A collection of small RNA analysis tools. sRNAtoolbox is aimed to provide small RNA researchers with several useful tools including sRNA expression profiling from deep sequencing experiments and several downstream analysis tools. The center piece of sRNAtoolbox is sRNAbench, which allows the expression profiling and prediction of novel microRNAs in deep sequencing experiments. The other tools can be either launched on sRNAbench results, or independently using the appropriate file formats.
Profile the content of a miRNA sequencing run. Given a set of aligned reads in 1 or more .sam files, produce an annotated version of the .sam where each read is given an annotation based on its coordinate. Additional summary information about the content of each sample is also generated, including miRNA species and other genomic features found.
Identifies phased small RNA clusters as ta-siRNA candidates by evaluating the P-values of hypergeometric distribution. pssRNAMiner is a web-based server which identifies ta-siRNA clusters as well as their potential phase initiators. This program requires that the user submit a set of small RNAs and specify one of listed transcript/ genomic libraries for mapping. It has the ability to identify potential phase-initiators based on the user input.

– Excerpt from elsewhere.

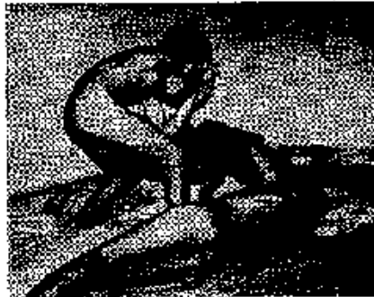
* Try a few opening exercises

A seminar workshop in creative experimental erotics. The class pairs off and explores on of each others bodies begins. Starting with the urinary erotic zones, oral, anal and genital the entire body is systematically stimulated in different ways to determine the erotic effect. Varieties of stimuli are investigated such as light and heavy caressing and stroking, different kinds of kissing, types of orgasm and personality and the responses of each. The positions of intercourse are thoroughly explored and the unique needs, capacities and responses of each person are discovered. This yields all of participants an individual erotic profile or inventory of the present state of erotic sensitivity and awareness of each. This erotic inventory is very useful in getting maximum enjoyment from your erotic experiences. Required of all students in all programs. No pre-requisites.

Allows to share and analyze aligned small RNA sequencing data. miRspring is a software document that aims to provide portability and a universal method to extract miRNA processing information from high-throughput sequencing (HTS) data sets. The software replicates the entire mapped data set and provides user-friendly way of presenting sequencing data along with inbuilt novel analysis tools that can globally assess the whole data set.

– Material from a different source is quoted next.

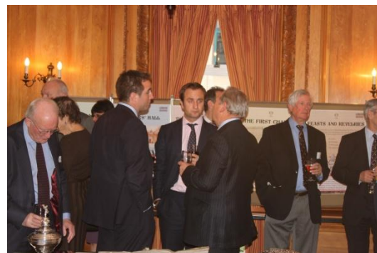
Informal business networking

To keep up with Karren, visit her website http://www.karrenbrady.com/

A small non-coding RNA (ncRNA) detection tool for RNA sequencing (RNA-Seq) data. NorahDesk utilizes the coverage-distribution of small RNA sequence data and thermodynamic assessments of secondary structure to reliably predict and annotate ncRNA classes. NorahDesk is particularly suitable for the prediction of piRNAs as it is the first program to "annotate by association": if novel transcripts form a thermodynamically stable secondary structure with already known piRNA transcripts, it is likely that the unannotated contigs are also piRNAs.

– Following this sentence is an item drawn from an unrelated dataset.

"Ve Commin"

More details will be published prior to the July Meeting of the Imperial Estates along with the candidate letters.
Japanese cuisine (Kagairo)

Analyses small RNA sequencing data from multiple biological sources, taking into account replicate information, to identify robust sets of siRNA precursors. The segmentSeq R package has been extended to identify methylation loci from high-throughput sequencing data from multiple conditions. A statistical model is then developed that accounts for biological replication and variable rates of non-conversion of cytosines in each sample to compute posterior likelihoods of methylation at each locus within an empirical Bayesian framework.
Predicts miRNA on both plant and animal data. miRCat is a part of the UEA small RNA Workbench and implements a new approach to differentiate miRNA candidates from background sequences, then applies novel filters on the candidate sequence alignments and secondary structure. The algorithm is performing well on animal datasets and also allows the detection of complex structures and even multiple miRNA loci within a single precursor in plants.
A framework python for the annotation and classification of the non-miRNA small RNA transcriptome. SeqCluster deals with sequences mapping onto multiple locations and permits a highly versatile and user-friendly interaction with the data in order to easily classify sRNA sequences with a putative functional importance.